▶ **Task objective**: Using the listing below, print exactly everything from the line with "Cho hai tam" down to the line with "Dynamite montage cabinet", both included, and nothing more.

▶ **Records to process**:

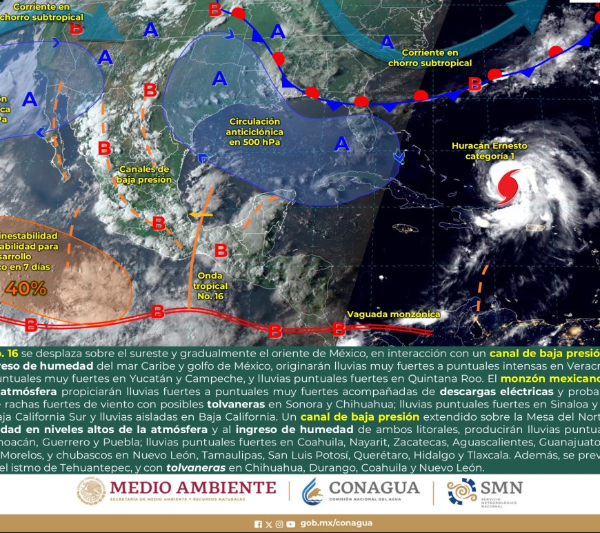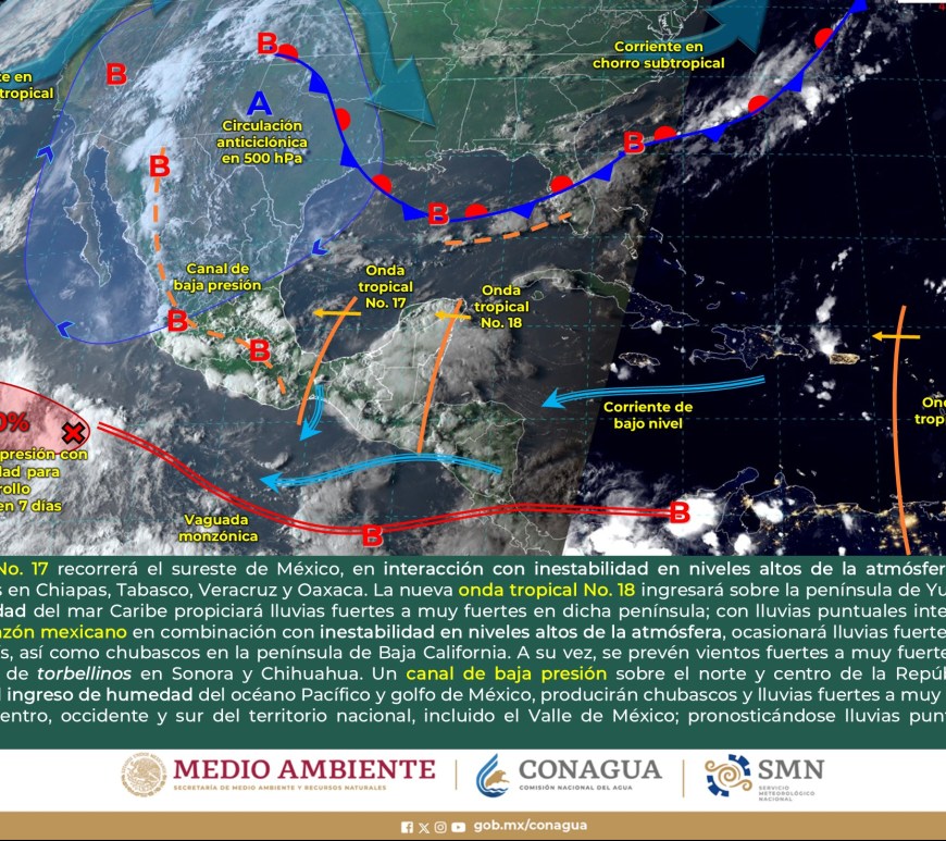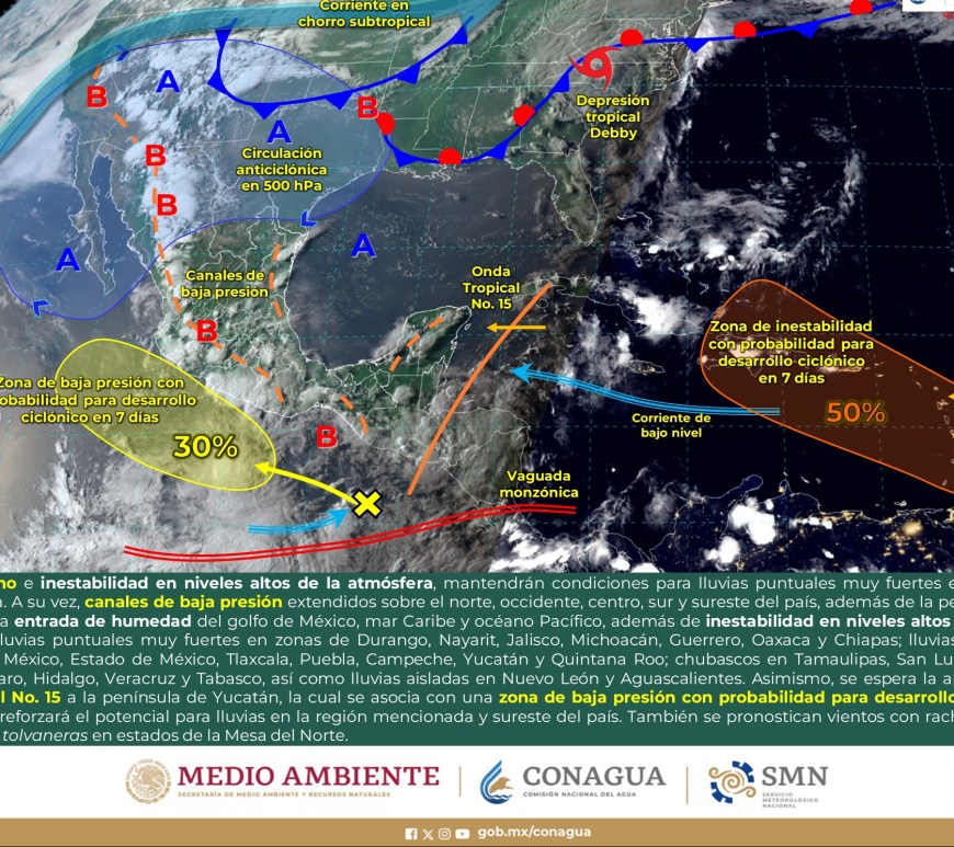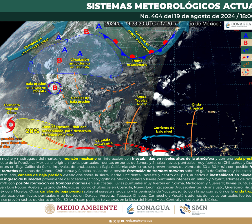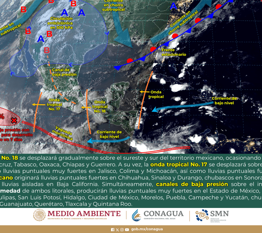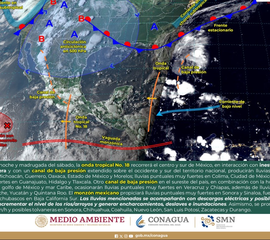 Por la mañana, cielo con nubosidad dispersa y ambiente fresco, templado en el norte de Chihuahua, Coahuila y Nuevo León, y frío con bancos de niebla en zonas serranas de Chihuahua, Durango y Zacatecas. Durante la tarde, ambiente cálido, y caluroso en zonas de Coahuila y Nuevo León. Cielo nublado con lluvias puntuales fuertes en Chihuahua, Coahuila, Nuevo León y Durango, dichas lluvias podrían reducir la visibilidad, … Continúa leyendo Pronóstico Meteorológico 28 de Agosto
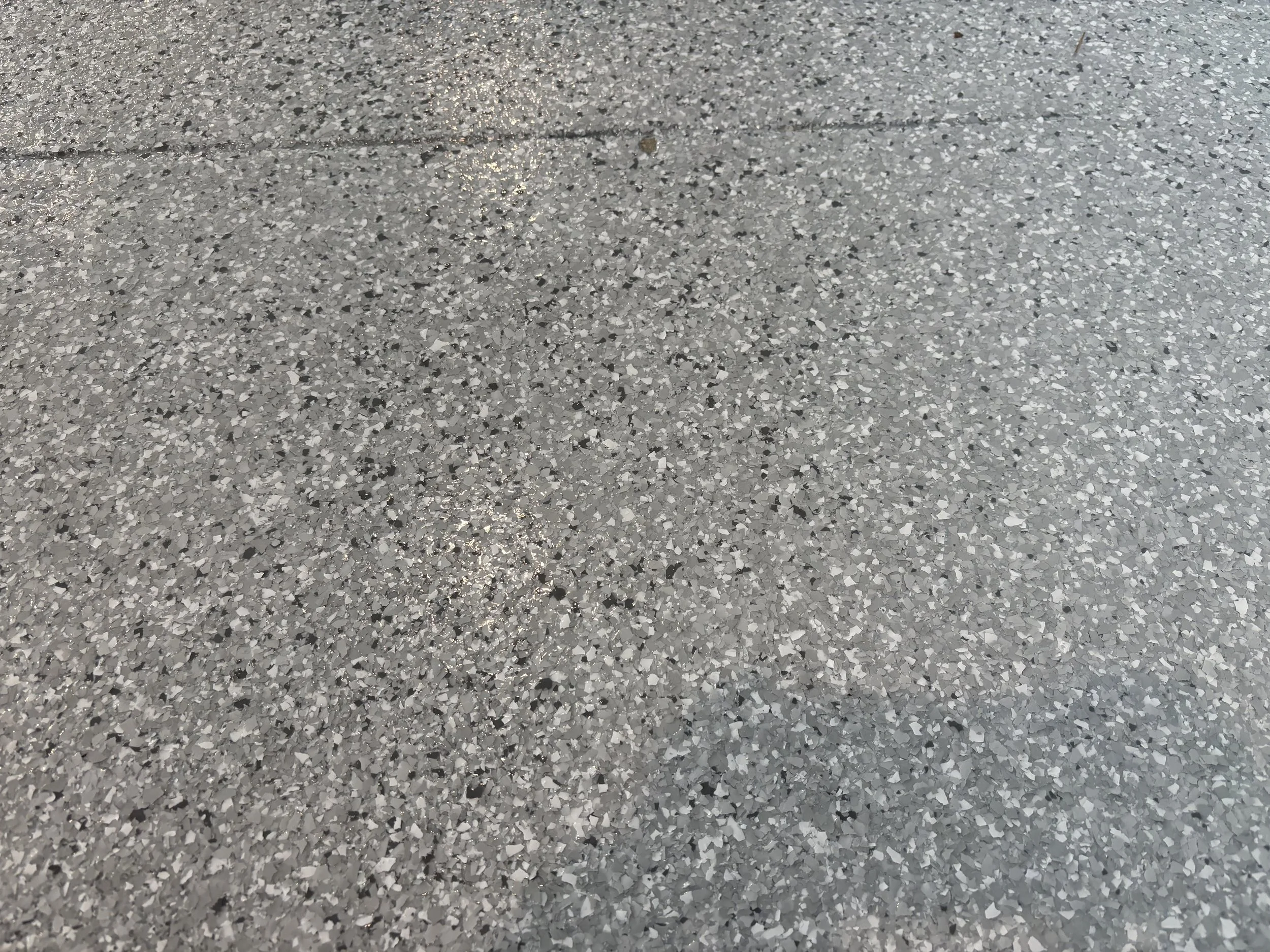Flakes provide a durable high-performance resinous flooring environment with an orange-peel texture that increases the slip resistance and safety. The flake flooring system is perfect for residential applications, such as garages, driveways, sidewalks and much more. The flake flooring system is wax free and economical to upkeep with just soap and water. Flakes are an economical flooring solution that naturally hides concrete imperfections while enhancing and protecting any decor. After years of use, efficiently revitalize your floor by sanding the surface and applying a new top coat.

==

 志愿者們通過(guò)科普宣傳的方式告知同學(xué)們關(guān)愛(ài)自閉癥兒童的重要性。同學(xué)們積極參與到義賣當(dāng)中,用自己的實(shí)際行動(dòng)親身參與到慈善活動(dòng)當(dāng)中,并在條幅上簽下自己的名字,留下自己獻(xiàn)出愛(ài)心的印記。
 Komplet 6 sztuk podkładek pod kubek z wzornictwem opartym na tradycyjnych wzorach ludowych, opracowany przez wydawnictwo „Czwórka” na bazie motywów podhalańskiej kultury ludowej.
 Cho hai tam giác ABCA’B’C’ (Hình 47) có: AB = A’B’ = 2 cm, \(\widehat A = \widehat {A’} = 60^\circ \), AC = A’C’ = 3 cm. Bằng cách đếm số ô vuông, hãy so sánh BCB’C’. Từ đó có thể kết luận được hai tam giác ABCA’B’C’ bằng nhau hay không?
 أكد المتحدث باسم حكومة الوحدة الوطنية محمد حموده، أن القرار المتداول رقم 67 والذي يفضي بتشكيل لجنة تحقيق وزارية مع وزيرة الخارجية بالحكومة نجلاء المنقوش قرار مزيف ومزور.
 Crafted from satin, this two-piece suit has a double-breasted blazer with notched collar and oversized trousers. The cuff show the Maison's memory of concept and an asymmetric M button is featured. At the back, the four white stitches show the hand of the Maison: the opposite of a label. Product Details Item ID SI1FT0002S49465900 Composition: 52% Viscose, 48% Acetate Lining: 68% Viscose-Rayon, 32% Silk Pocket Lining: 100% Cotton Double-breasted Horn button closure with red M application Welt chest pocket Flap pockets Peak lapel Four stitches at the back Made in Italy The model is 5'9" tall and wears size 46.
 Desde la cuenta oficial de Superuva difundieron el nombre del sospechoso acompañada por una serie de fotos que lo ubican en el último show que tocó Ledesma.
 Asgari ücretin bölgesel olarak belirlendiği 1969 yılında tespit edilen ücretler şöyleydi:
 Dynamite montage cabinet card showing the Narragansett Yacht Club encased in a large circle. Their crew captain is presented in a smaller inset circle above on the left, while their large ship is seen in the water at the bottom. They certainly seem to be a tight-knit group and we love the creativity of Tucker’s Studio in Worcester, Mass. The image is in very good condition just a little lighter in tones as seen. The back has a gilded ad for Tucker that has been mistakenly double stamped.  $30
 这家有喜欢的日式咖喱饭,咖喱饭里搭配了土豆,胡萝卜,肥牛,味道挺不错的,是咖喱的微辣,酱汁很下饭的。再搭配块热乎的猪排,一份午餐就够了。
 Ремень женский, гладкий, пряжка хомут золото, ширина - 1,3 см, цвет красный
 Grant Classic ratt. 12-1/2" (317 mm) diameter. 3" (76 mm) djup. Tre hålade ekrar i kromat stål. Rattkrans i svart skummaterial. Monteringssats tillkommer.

▶ **The answer**:
 Cho hai tam giác ABCA’B’C’ (Hình 47) có: AB = A’B’ = 2 cm, \(\widehat A = \widehat {A’} = 60^\circ \), AC = A’C’ = 3 cm. Bằng cách đếm số ô vuông, hãy so sánh BCB’C’. Từ đó có thể kết luận được hai tam giác ABCA’B’C’ bằng nhau hay không?
 أكد المتحدث باسم حكومة الوحدة الوطنية محمد حموده، أن القرار المتداول رقم 67 والذي يفضي بتشكيل لجنة تحقيق وزارية مع وزيرة الخارجية بالحكومة نجلاء المنقوش قرار مزيف ومزور.
 Crafted from satin, this two-piece suit has a double-breasted blazer with notched collar and oversized trousers. The cuff show the Maison's memory of concept and an asymmetric M button is featured. At the back, the four white stitches show the hand of the Maison: the opposite of a label. Product Details Item ID SI1FT0002S49465900 Composition: 52% Viscose, 48% Acetate Lining: 68% Viscose-Rayon, 32% Silk Pocket Lining: 100% Cotton Double-breasted Horn button closure with red M application Welt chest pocket Flap pockets Peak lapel Four stitches at the back Made in Italy The model is 5'9" tall and wears size 46.
 Desde la cuenta oficial de Superuva difundieron el nombre del sospechoso acompañada por una serie de fotos que lo ubican en el último show que tocó Ledesma.
 Asgari ücretin bölgesel olarak belirlendiği 1969 yılında tespit edilen ücretler şöyleydi:
 Dynamite montage cabinet card showing the Narragansett Yacht Club encased in a large circle. Their crew captain is presented in a smaller inset circle above on the left, while their large ship is seen in the water at the bottom. They certainly seem to be a tight-knit group and we love the creativity of Tucker’s Studio in Worcester, Mass. The image is in very good condition just a little lighter in tones as seen. The back has a gilded ad for Tucker that has been mistakenly double stamped.  $30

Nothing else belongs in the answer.